● Items listed in a dataset:
---*---

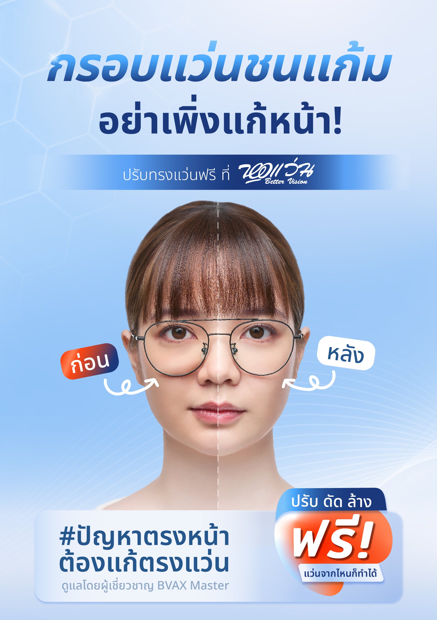 ลักษณะของใบหน้าของทุกคนมีความเฉพาะตัว แว่นตาจึงต้องถูกเลือกและปรับ-ดัดให้พอดี ผู้เชี่ยวชาญของ หอแว่น Better Vision จะช่วยวิเคราะห์รูปหน้า จุดกดทับ และลักษณะการใช้งาน เพื่อปรับ-ดัดแว่นให้เข้ากับสรีระของคุณอย่างแม่นยำ ใส่สบายขึ้น ทรงพอดีขึ้น และใช้งานได้อย่างมั่นใจในทุกวัน
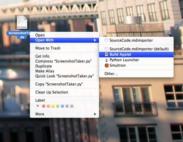 Una vez que has terminado de editar el script en python guardarla y cerrarla xcode. En su escritorio, adecuado control o haga clic en haga clic en el script (ScreenshotTaker.py) y debajo de "abrir con >" elegir «Construir Applet». Una aplicación llamada ScreenshotTaker debe aparecer en el próximo par de segundos en el escritorio. Esta es la aplicación final que vamos a tener lanzamiento en el arranque.
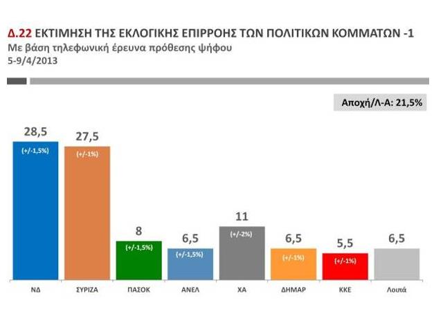 Σε σύγκριση με το βαρόμετρο του Μαρτίου η ΝΔ έχει αμετάβλητο ποσοστό, ενώ ο ΣΥΡΙΖΑ πέφτει 2%.
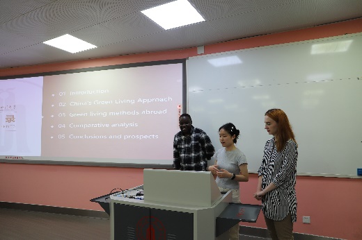 随后,国际周交流营的学生们以“My Green Life, My Smart Life”为主题,带来了一场精彩纷呈的报告展示。他们通过生动多样的形式,从衣、食、住、行等多个方面,展示了中外文化在绿色生活与智能科技方面的独特见解与创意实践。这些报告不仅展现了学生们扎实的学术功底与对生活细致的观察力,更促进了中外文化的深度交流与融合。
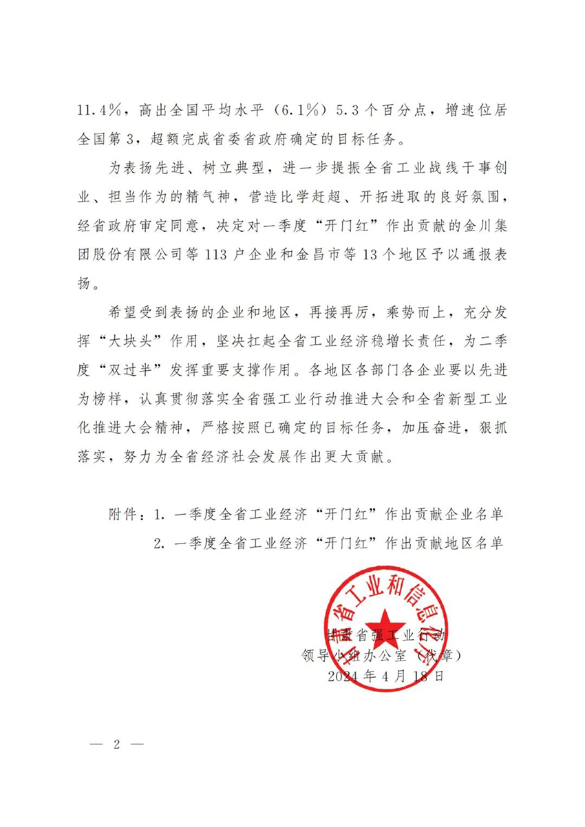 根據(jù)《甘肅省強(qiáng)工業(yè)行動領(lǐng)導(dǎo)小組辦公室關(guān)于表揚(yáng)2024年一季度全省工業(yè)經(jīng)濟(jì)“開門紅”作出突出貢獻(xiàn)企業(yè)和地區(qū)的通報》(甘工信發(fā)〔2024〕96號),甘肅藥業(yè)集團(tuán)及子公司普安制藥被省工信廳評為2024年一季度全省工業(yè)經(jīng)濟(jì)“開門紅”作出貢獻(xiàn)企業(yè)并給于通報表揚(yáng)。

---*---

● PROBLEM TO WORK ON:
Pictures are to be left out; the answer must otherwise be exactly the lines from the one with "Green Life, My" through the final line of the entries above, both included.

● RESULT FOR THIS EXERCISE:
 随后,国际周交流营的学生们以“My Green Life, My Smart Life”为主题,带来了一场精彩纷呈的报告展示。他们通过生动多样的形式,从衣、食、住、行等多个方面,展示了中外文化在绿色生活与智能科技方面的独特见解与创意实践。这些报告不仅展现了学生们扎实的学术功底与对生活细致的观察力,更促进了中外文化的深度交流与融合。
 根據(jù)《甘肅省強(qiáng)工業(yè)行動領(lǐng)導(dǎo)小組辦公室關(guān)于表揚(yáng)2024年一季度全省工業(yè)經(jīng)濟(jì)“開門紅”作出突出貢獻(xiàn)企業(yè)和地區(qū)的通報》(甘工信發(fā)〔2024〕96號),甘肅藥業(yè)集團(tuán)及子公司普安制藥被省工信廳評為2024年一季度全省工業(yè)經(jīng)濟(jì)“開門紅”作出貢獻(xiàn)企業(yè)并給于通報表揚(yáng)。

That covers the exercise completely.